I searched William's shuttered face even as I racked my brain for a way to explain that to him. I could see that he didn't believe me and that he thought I was just lying to myself and to him. How could I begin to explain how necessary it was for me to keep going? How could I even begin to articulate how his disbelief and his insistence on facts and truth was squeezing my heart so much it hurt?

“William, I know you don't believe me, but I—I have to believe it.”

“I know,” William sighed, stoking my wrists lightly with his fingertips. A shiver wriggled up my back and my skin prickled all over, but it wasn't the usual response I had to his caress.

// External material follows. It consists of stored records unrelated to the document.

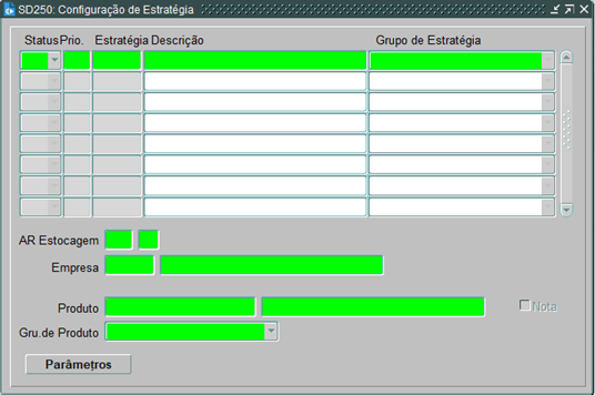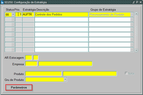 Ao acessar o menu, será exibida a tela SD250: Configurações de Estratégia, onde devemos pesquisar “AUFTR” no campo estratégia, para inserir as respectivas configurações.
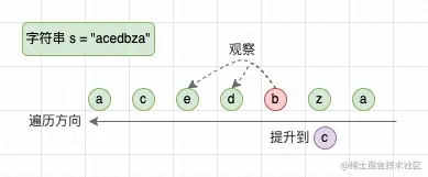 - 提升:为了构造字典序更大的「美丽字符串」,我们需要将字符串中的某个字母修改为字母序更大的字母,例如将 ‘a’ 提升到 ‘b’ 或 ‘z’;
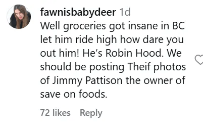 还有人开玩笑说:“也许他偷肉只是为了凑齐下一套穿搭的经费?”更有生活在水深火热中的网友借机吐槽:“现在的超市物价,Loblaws和Save on Foods才是真正的‘抢钱贼’吧!这位欧巴只是在做‘现代罗宾汉’。”
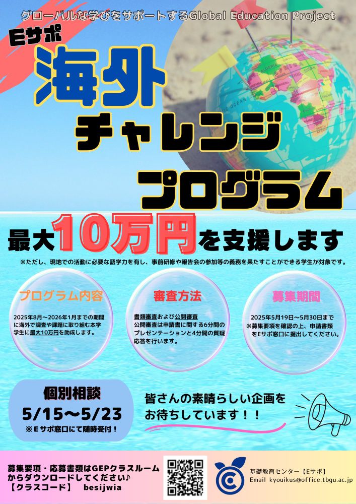 ※申請前にGEP専用クラスルームもしくは TBGUポータルサイトにアップしている募集要項を必ずご確認ください
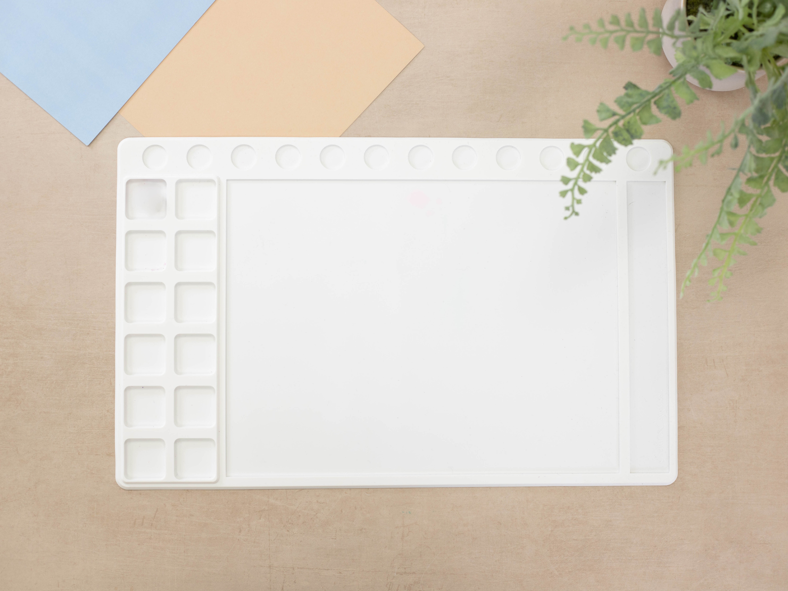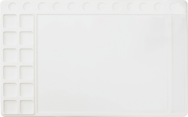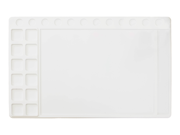 - Recesses to hold colours and mix mediums.
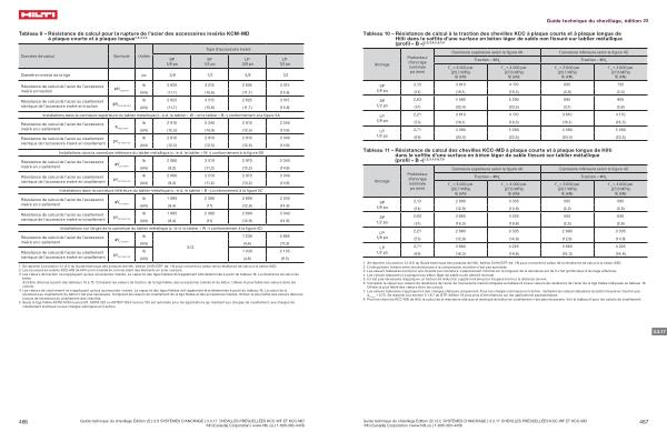 1 Se reporter à la section 3.1.8.6 du Guide technique des produits de Hilti , édition 2019 ( GTP , éd . 19 ) pour convertir la valeur de la résistance de calcul à la valeur ASD . 2 Les accessoires insérés KCC-MD de Hilti sont considérés comme étant des éléments en acier cassant . 3 Les valeurs de traction ne s ’ appliquent qu ’ aux accessoires insérés . La capacité des tiges filetées doit également être déterminée à partir du tableau 16 . La résistance de calcul du béton doit être obtenue à partir des tableaux 10 à 15 . Comparer les valeurs de traction de la tige filetée , des accessoires insérés et du béton . Utiliser la plus faible des valeurs dans les calculs .
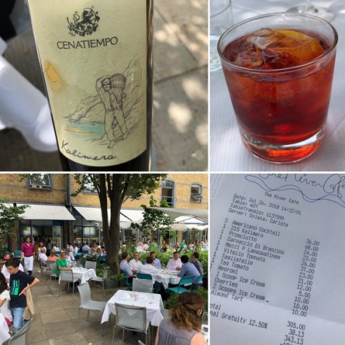 On the hottest day of the year, my first visit to the River Café. I know: it’s almost inexcusable not to have been before. This is a London institution. Originally opened in 1987, it’s located by the river in Hammersmith, and on a hot day the dappled sunlight of the outdoor seating area is just perfect.
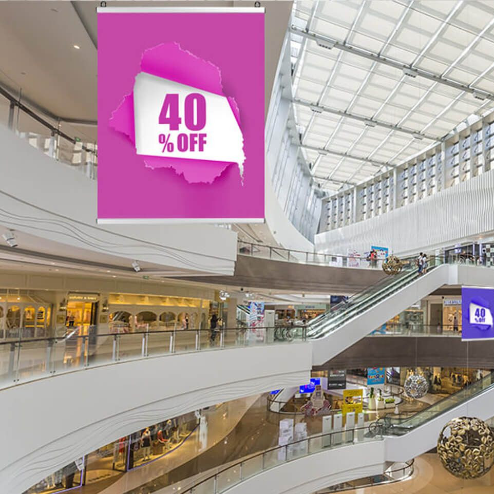 These anodized aluminum suspension profiles are very easy to use. Depending on your needs, you can easily interchange your visuals in less than one minute. They hang naturally by means of the eyelets integrated in the upper profile. Black rubber covers complete the finish and the protection of the elements.
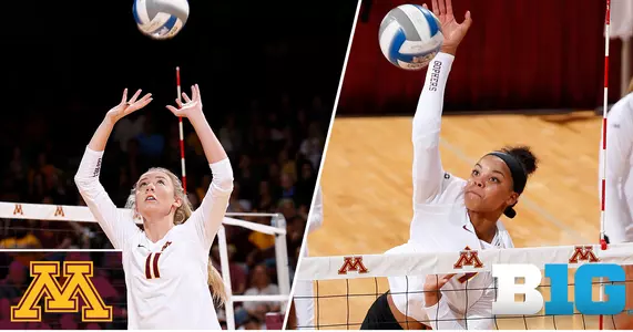 Sophomore setter Samantha Seliger-Swenson (Minnetonka, MInn.) and Alexis Hart (Independence, Mo.) have been named the Big Ten Conference's Setter and Rookie of the Week after their performances against league opponents last weekend. It's the fourth honor for Seliger-Swenson this season and the third for Hart. Minnesota swept Indiana and No. 14 Purdue last weekend to move to 4-0 on conference action.
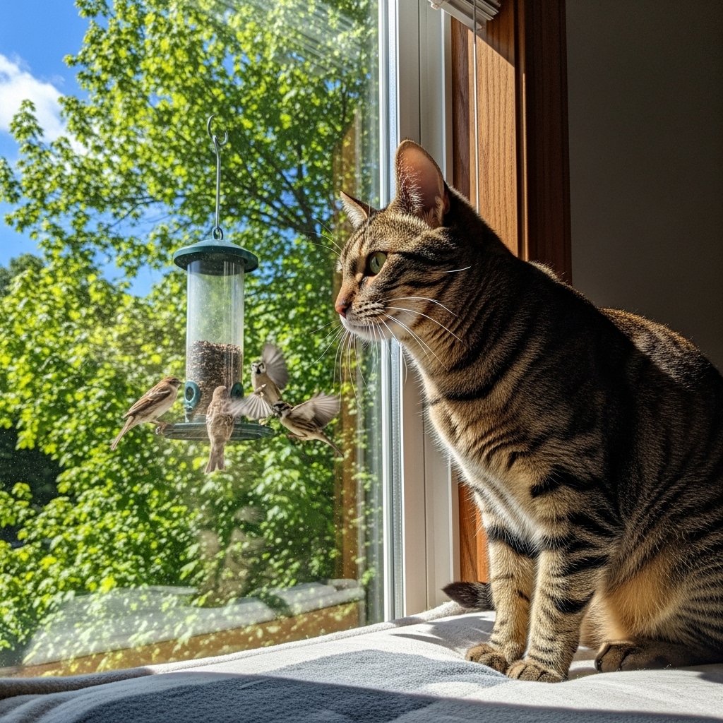 A window view filled with birds or movement can captivate a cat for hours. This quiet stimulation satisfies their natural hunting instincts safely indoors.
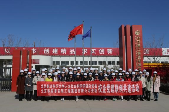 现场参观结束后,全体师生党员和北安集团的领导同志共同前往建工集团新机场项目指挥部,举行校企党建联创共建启动仪式。
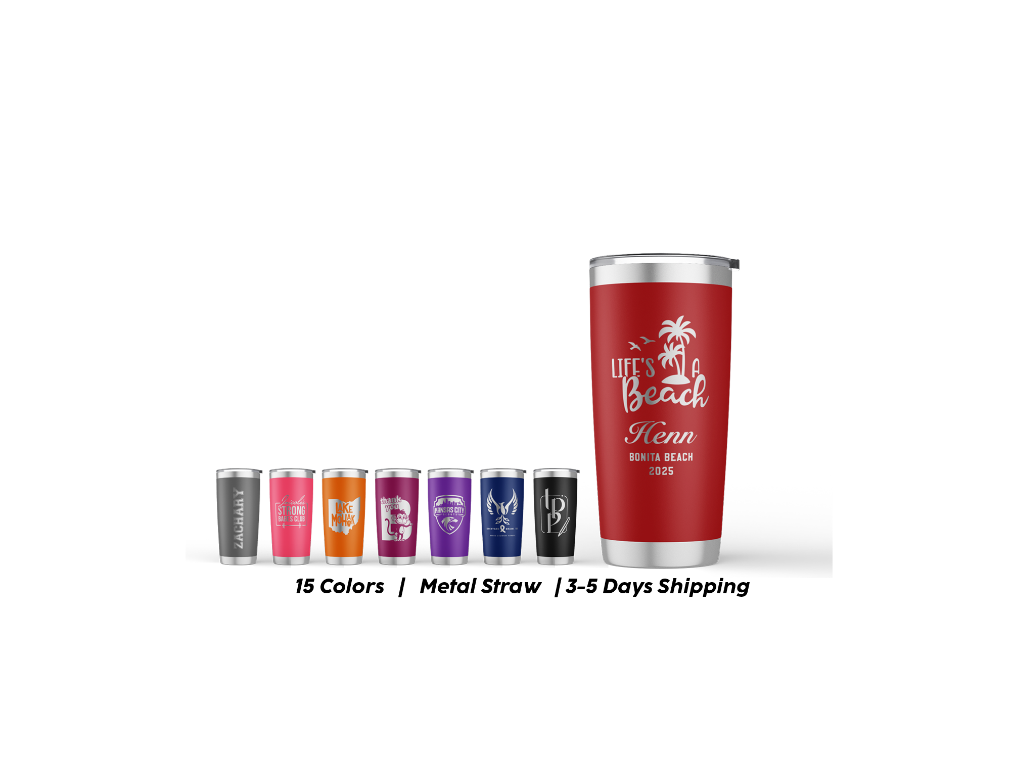 • Come with sliding lid and optional metal straw.
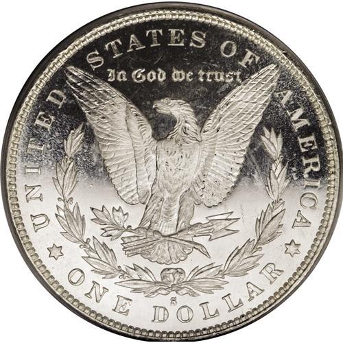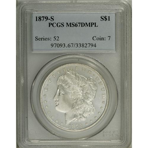 <B>1879-S S$1 MS67 Deep Mirror Prooflike PCGS.</B></I> This is a splendid Superb Gem with fully brilliant silver surfaces that exhibit nary a trace of toning on either side. It is fully struck throughout, including complete hair details over Liberty's ear and the eagle's breast feathers. The fields are fully mirrored around lustrous and frosty devices resulting in exquisite cameo contrast. The '79-S dollars are among the most common of all Morgan silver dollars and they are also among the best made, an excellent combination for the type collector who wants a single coin to illustrate the design. It is also the finest certified by PCGS, an excellent choice for the Set Registry collector.<BR><BR><b>Shipping:</b> Coin/Currency (<a target="_blank" href="http://www.heritageauctions.com/common/shipping.php">view shipping information</a>)
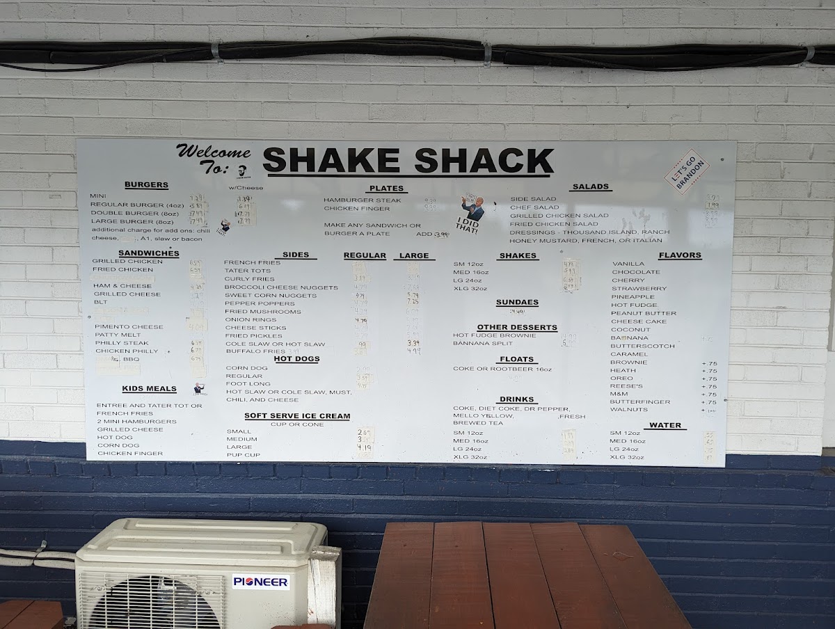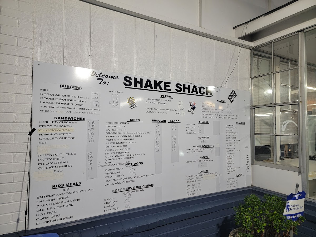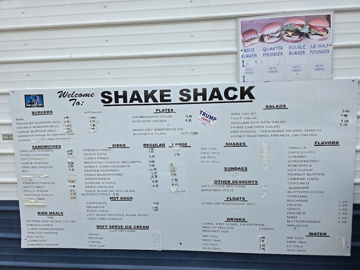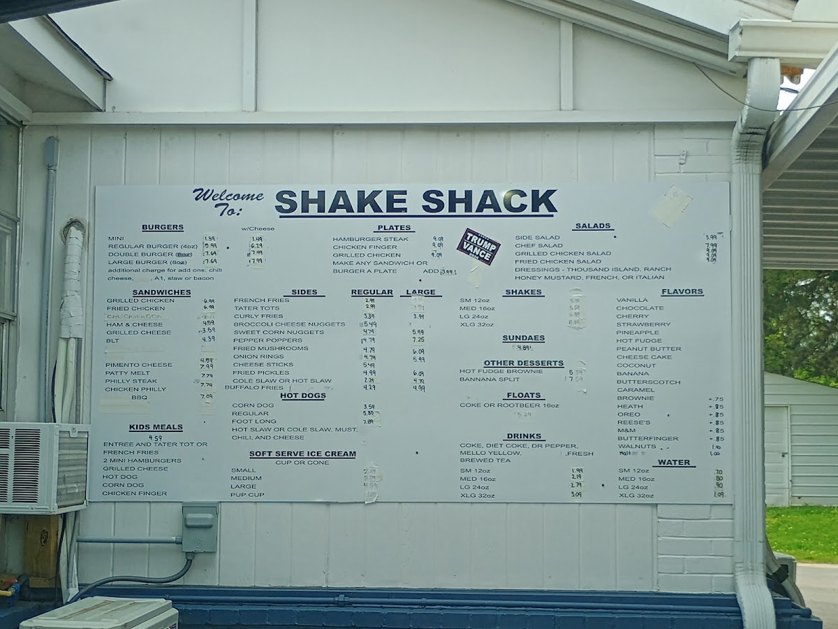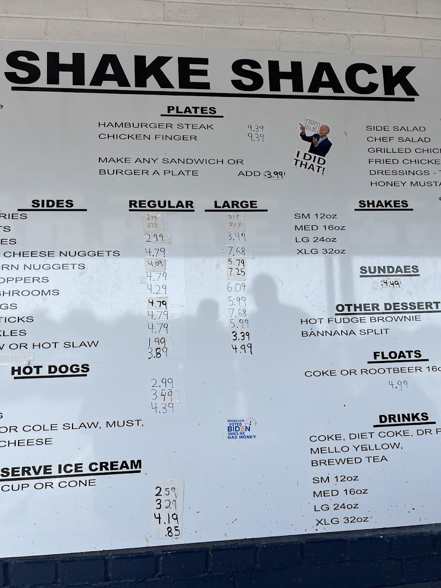 The menu offers a variety of options primarily centered around hamburger and fast food items, complemented by ice cream treats. Food selections include classic and specialty burgers such as cheeseburgers and the Texas Toast BLT Pimento Cheese Burger, along with sides like tater tots and fries. Sandwich options also include a fish sandwich.

“I can see in your face that you think I'm just saying that,” he continued, “but I do get it. God, I admire you so much that you can be so positive and keep going no matter how bad it is. So I do understand that you need to have hope. But I don't understand how you can be so stubborn and so reckless and so, so—
stupid
.”

“Stupid?” I gasped, unable to believe that he had just actually called me stupid to my face.

“Yes, stupid. What would you call it if I drove my ute drunk or rode a green broke horse with no helmet? Or swam in the ocean at night alone, or took drugs?”

“You don't do any of those things.”

“But if I did, wouldn't that be stupid?”

“Yes, of course, but I don't do any of that.”

“Yes, you do.”

“I do not. I don't do any dangerous stuff like that, because I can't. I can't even ride a pushbike to fall off, like poor Eleni.”

William became very still. “When did that happen?”

“Uh, last week.”

“Before or after she rode Jinx? She did ride Jinx, right?”

“No. She broke her collarbone before she could come over. You knew that.”

“I did not.”

“I told you.”

“You did not. I definitely thought Eleni had ridden Jinx this week.”

“Well she didn't.”

“That changes things.”

“What difference does it make?”

“You went ahead and rode Jinx even though you knew you weren't up to it. And don't tell me,” he said as I opened my mouth, “how that isn't true because I know you never would have agreed to Eleni riding Jinx unless you absolutely had to. I can't
believe
you.”

“I can't believe
you
,” I echoed him, anger starting to simmer along my veins, heating my blood. I pulled my arms back and he instantly released me, that hair-trigger awareness he had of avoiding hurting me obviously still functioning. At the anxious look that creased his face I felt a stab of guilt—had I maybe counted on it when I jerked back like that?—but I squashed it along with the knowledge that it was mean to scare him like that and make him think he might have hurt me. At that moment I didn't care. And maybe just a tiny bit of me did want to throw a scare into him or maybe even hurt him a bit. After all, nearly every word he'd said in the past 10 minutes had hurt either my feelings or my pride or my heart.

My head was pounding and my neck hurt and I just didn't want to have this conversation anymore. I reached for the door handle, but my fingers let out a severe warning snarl as soon as I tried to close them.

“And there's the proof. You can't even open a car door right now, so how do you expect to control a hot thoroughbred while you try to help him through a difficult training stage?”

“I always have before,” I muttered and could have bitten my tongue off.

“Before? Have you ridden through a patch this bad
before
?”

“Not exactly.” Damn it, why could I never pull off a lie to people who mattered to me? That really
was
stupid because they were always the people who you most needed to lie to so you could stop them from worrying and getting upset.

“So you make a habit of riding when you shouldn't.”

“No.” That really did make me sound as stupid as he thought I was.

“I assume your Dad doesn't know.”

“Of course not.”

“Is there anything else you maybe should be telling me?” William asked, his voice thick.

I frowned, fluttery little qualms of anxiety whipping up the insides of my stomach like a bitter acid brew. “Like what?”

“Like exactly how you've managed to ride when your hands are so bad? Are you sure that was the only time you've taken a painkiller when you weren't supposed to?”

“Now you sound like Dad.”

“That isn't an answer.”

“Fine. No, I don't take painkillers when I'm not supposed to. Happy now?”

“Not at all,” he said, his voice sounding really strange. “Now you're definitely lying to me.”